__Records to process__
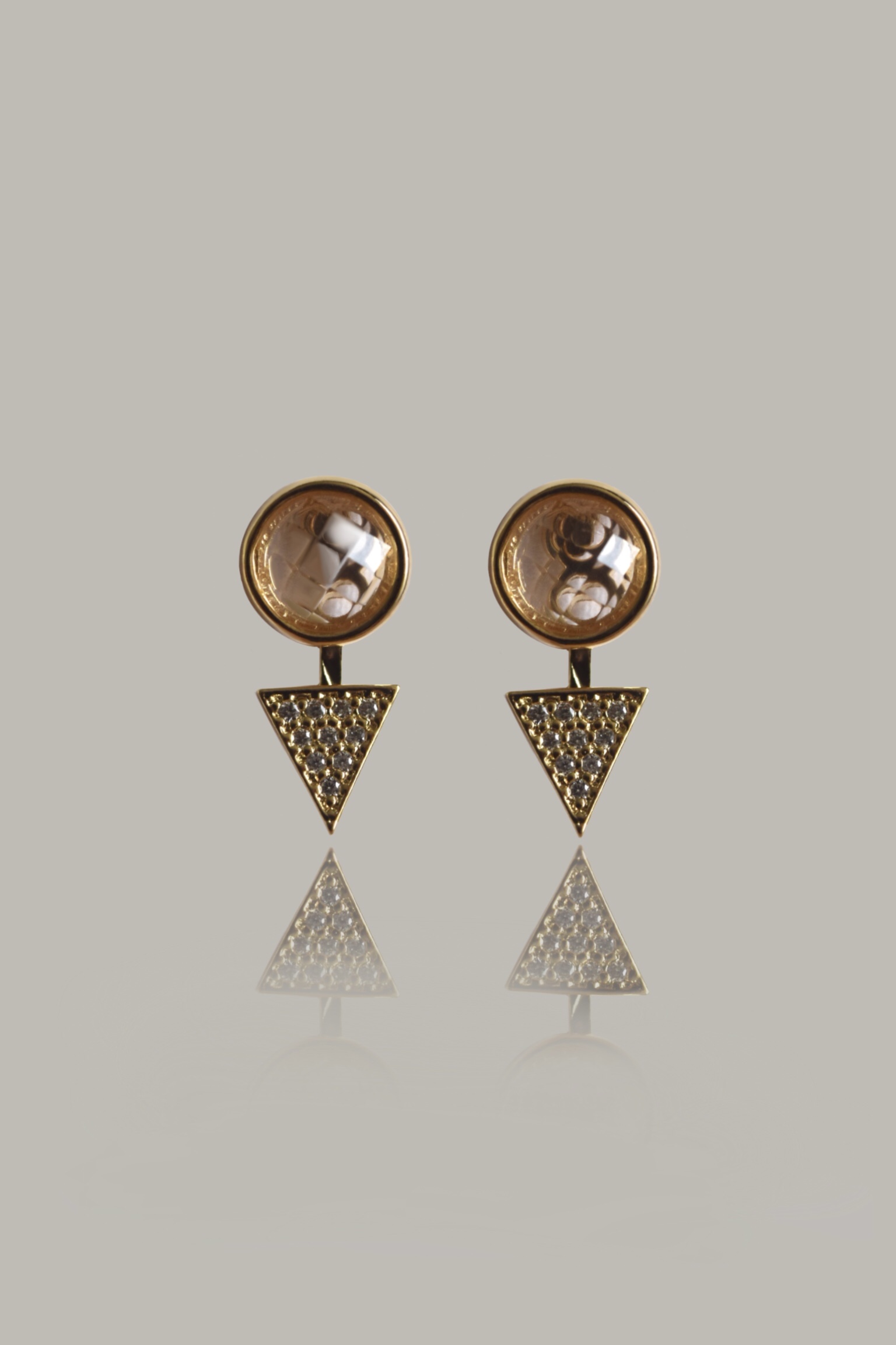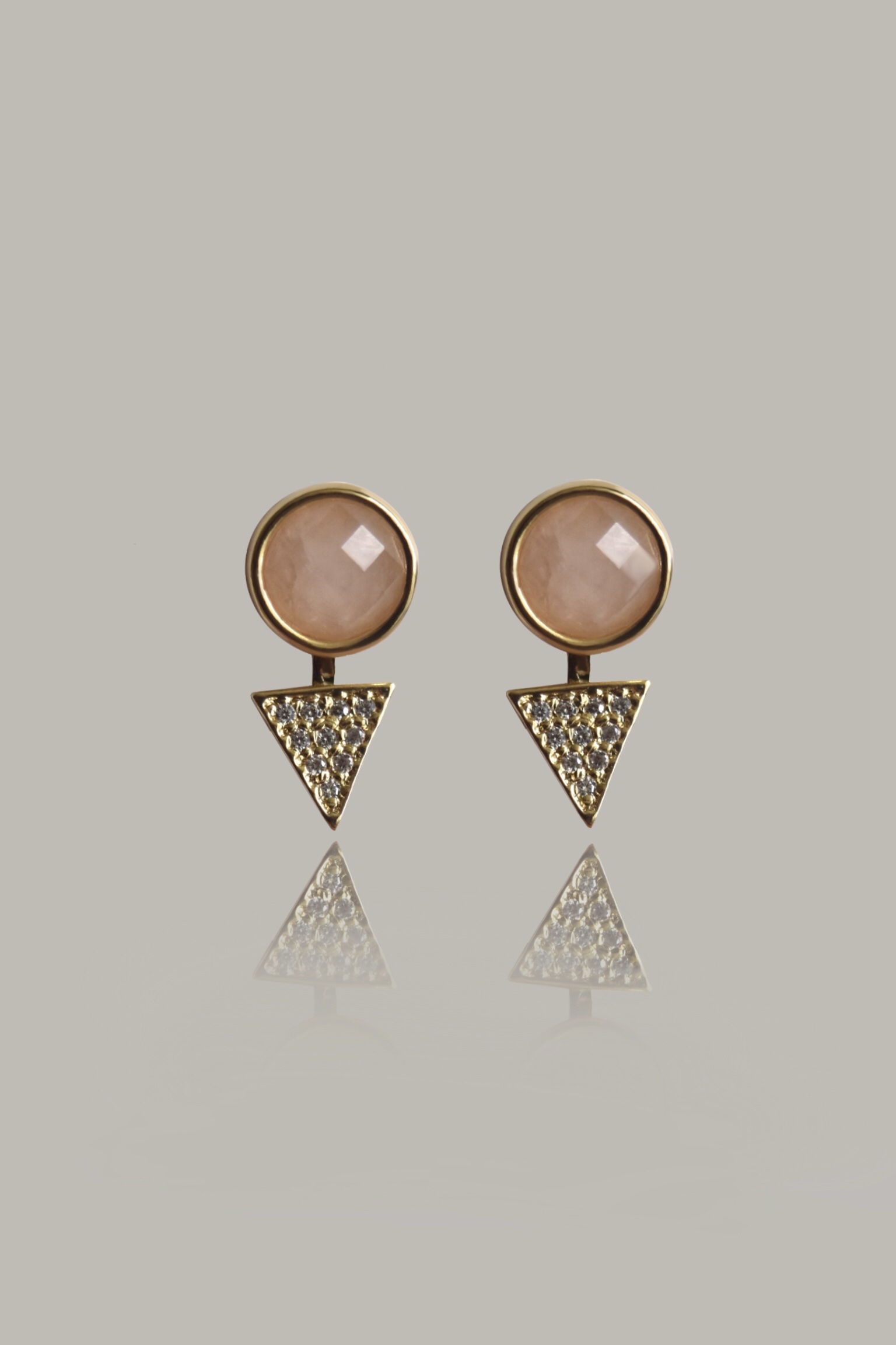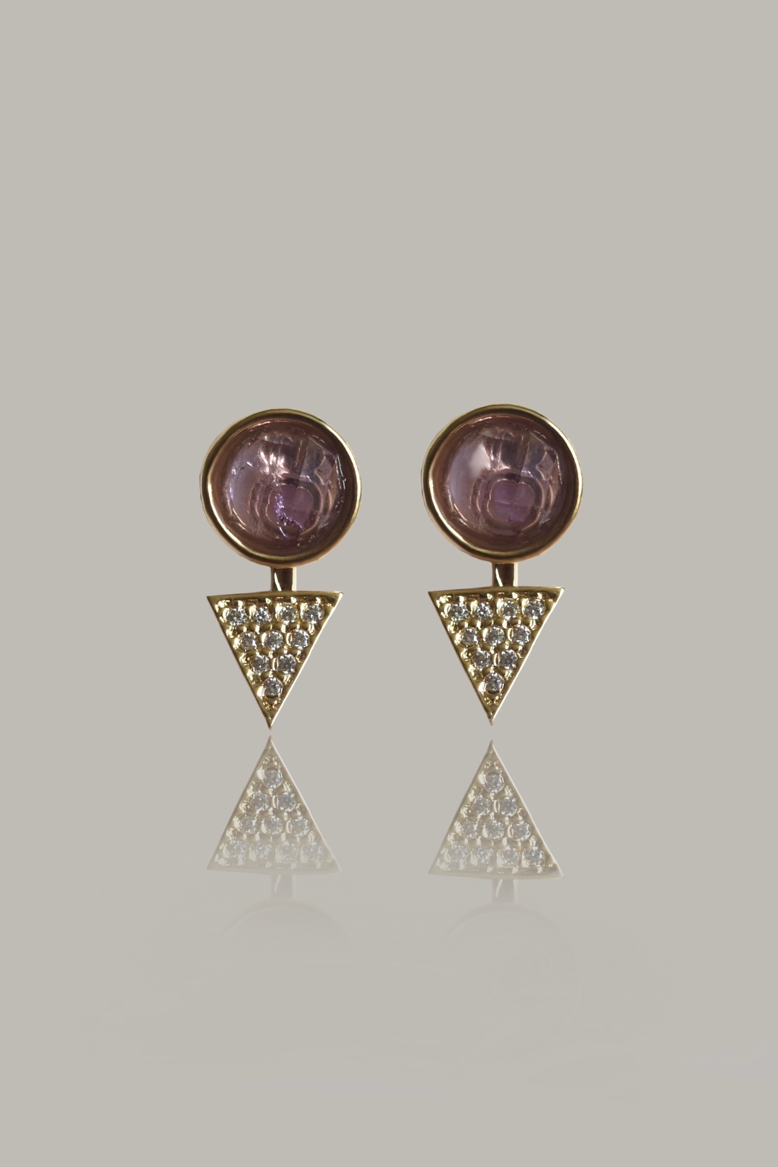 Aretes estilo botón vienen con la gema de tu elección y un acento de triángulo de pedrería removible. Lleve las propiedades curativas de estos cristales a donde quiera que vaya. Disponible en Amatista, Cuarzo Claro y Cuarzo Rosa facetadas con enchapado en oro de 22kt.
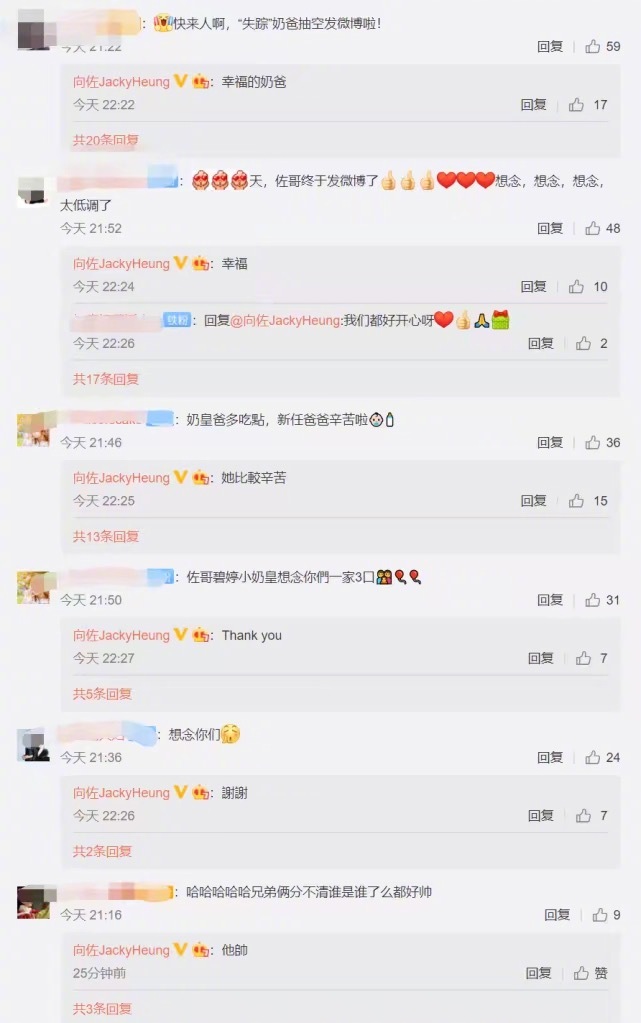 向佐时隔一个月再度发文,让粉丝激动表示:“快来人啊,失踪奶爸抽空发微博啦”,没想到却让他开心回应:“幸福的奶爸”,透露出有女万事足的好心情。当网友表示:“奶皇爸多吃点,新任爸爸辛苦啦”时,他则回复:“她(郭碧婷)比较辛苦”,表达出对老婆的爱和体贴。
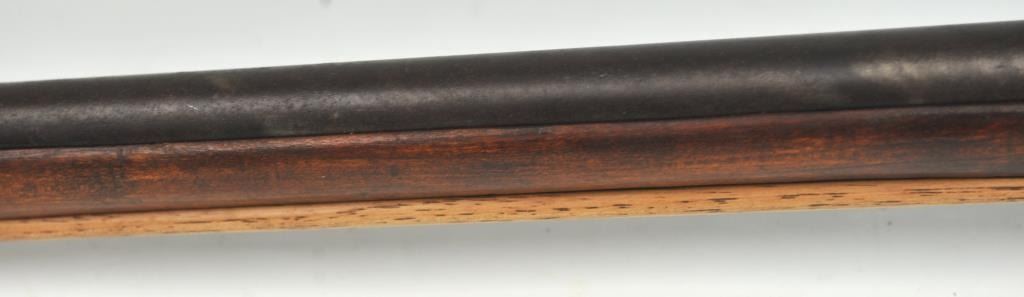 American Colonial Flintlock long arm with lock marked “Whitel, Ely” circa about 1770s and made in Massachusetts with American Cherrywood stock. Measures 69” overall with a 54” barrel of approximately .69 caliber smoothbore with plain brass mounts and lazy “S” shaped side plate similar to brown bess. Simple brass trigger guard and butt plate with crude brass ferrells. The metal surfaces show dark patina with original flintlock parts and large “Swan’s neck” hammer. The stock shows breaks and repairs and we would rate as fair to almost good. The fore end is well restored and matched being spliced in about halfway down (Extending forward to the muzzle 39”). There is a split from contact in right side of the stock (Possibly hit from ball or club mark). Some other small marks and losses however the buttstock was left original when fore end was restored long ago. There is an oval plaque inlaid at the wrist and the musket shows a lot of firing including losses of wood behind the pan. The type of arm the militia and patriots may have used when the rebellion ignited in the American Revolution. Correct style ramrod included. (Antique) Est.: $3500-$7000
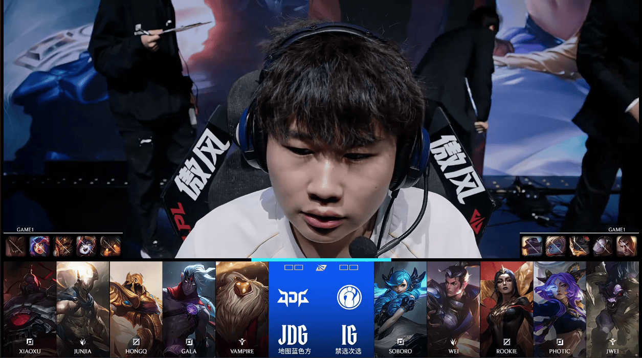 JDG对阵IG决胜局BP:Rookie先手选出佐伊,HongQ后手选卡牌
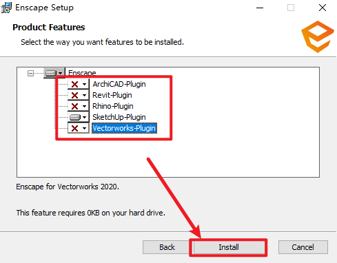 8、我们以Enscape安装到SketchUp上举例,删除SketchUp-Plugin以外的其他平台都选择X,只选择“SketchUp-Plugin”,然后点击“Install”
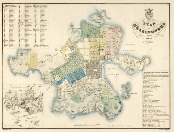Vintage Map of Helsinki from 1837 by F.Tengström & F.Liewendahl.
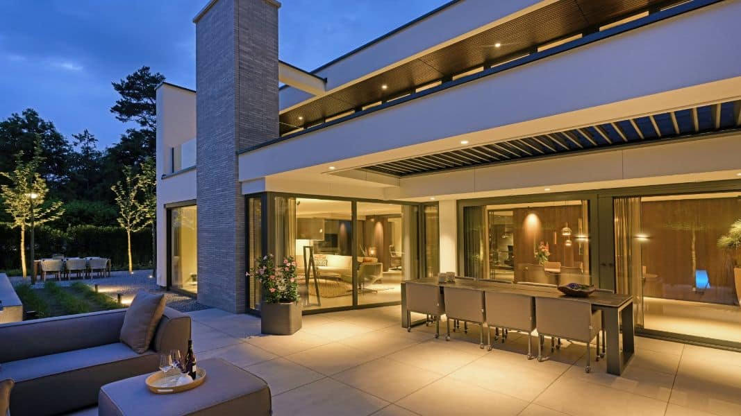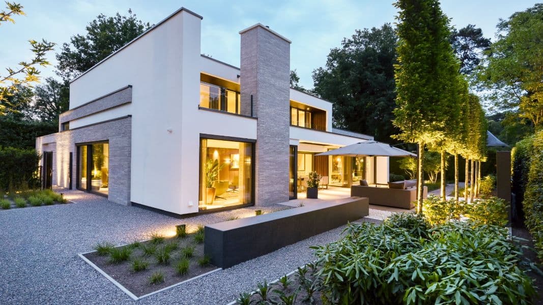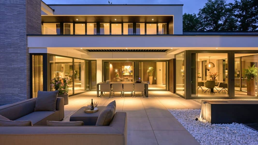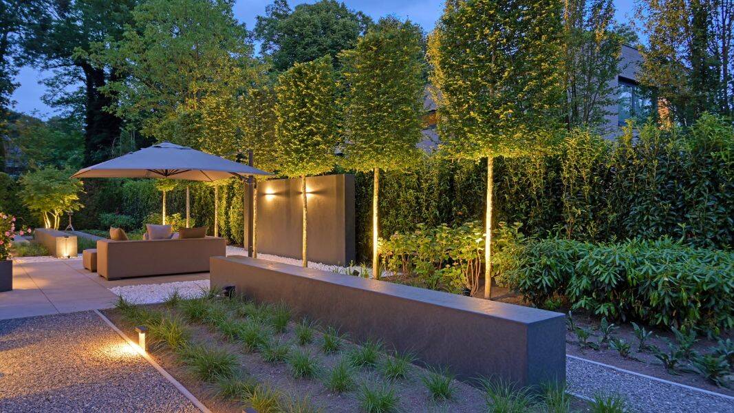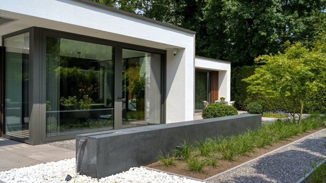 Waterpartijen zorgen voor sfeer en privacy, terwijl rijke beplanting het hele jaar door kleur en structuur biedt. Verlichting maakt de tuin ook ’s avonds betoverend.
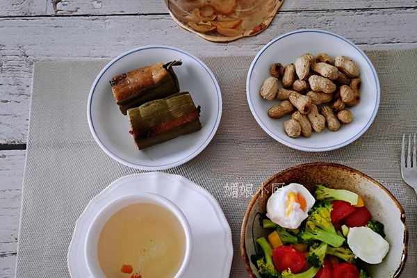 紅棗枸杞山楂菊花茶|梅幹菜肉粽|水煮西蘭花|煮花生

__About this exercise__
Leaving the images out, print the records above exactly.

__Result of the task__
 Aretes estilo botón vienen con la gema de tu elección y un acento de triángulo de pedrería removible. Lleve las propiedades curativas de estos cristales a donde quiera que vaya. Disponible en Amatista, Cuarzo Claro y Cuarzo Rosa facetadas con enchapado en oro de 22kt.
 向佐时隔一个月再度发文,让粉丝激动表示:“快来人啊,失踪奶爸抽空发微博啦”,没想到却让他开心回应:“幸福的奶爸”,透露出有女万事足的好心情。当网友表示:“奶皇爸多吃点,新任爸爸辛苦啦”时,他则回复:“她(郭碧婷)比较辛苦”,表达出对老婆的爱和体贴。
 American Colonial Flintlock long arm with lock marked “Whitel, Ely” circa about 1770s and made in Massachusetts with American Cherrywood stock. Measures 69” overall with a 54” barrel of approximately .69 caliber smoothbore with plain brass mounts and lazy “S” shaped side plate similar to brown bess. Simple brass trigger guard and butt plate with crude brass ferrells. The metal surfaces show dark patina with original flintlock parts and large “Swan’s neck” hammer. The stock shows breaks and repairs and we would rate as fair to almost good. The fore end is well restored and matched being spliced in about halfway down (Extending forward to the muzzle 39”). There is a split from contact in right side of the stock (Possibly hit from ball or club mark). Some other small marks and losses however the buttstock was left original when fore end was restored long ago. There is an oval plaque inlaid at the wrist and the musket shows a lot of firing including losses of wood behind the pan. The type of arm the militia and patriots may have used when the rebellion ignited in the American Revolution. Correct style ramrod included. (Antique) Est.: $3500-$7000
 JDG对阵IG决胜局BP:Rookie先手选出佐伊,HongQ后手选卡牌
 8、我们以Enscape安装到SketchUp上举例,删除SketchUp-Plugin以外的其他平台都选择X,只选择“SketchUp-Plugin”,然后点击“Install”
Vintage Map of Helsinki from 1837 by F.Tengström & F.Liewendahl.
 Waterpartijen zorgen voor sfeer en privacy, terwijl rijke beplanting het hele jaar door kleur en structuur biedt. Verlichting maakt de tuin ook ’s avonds betoverend.
 紅棗枸杞山楂菊花茶|梅幹菜肉粽|水煮西蘭花|煮花生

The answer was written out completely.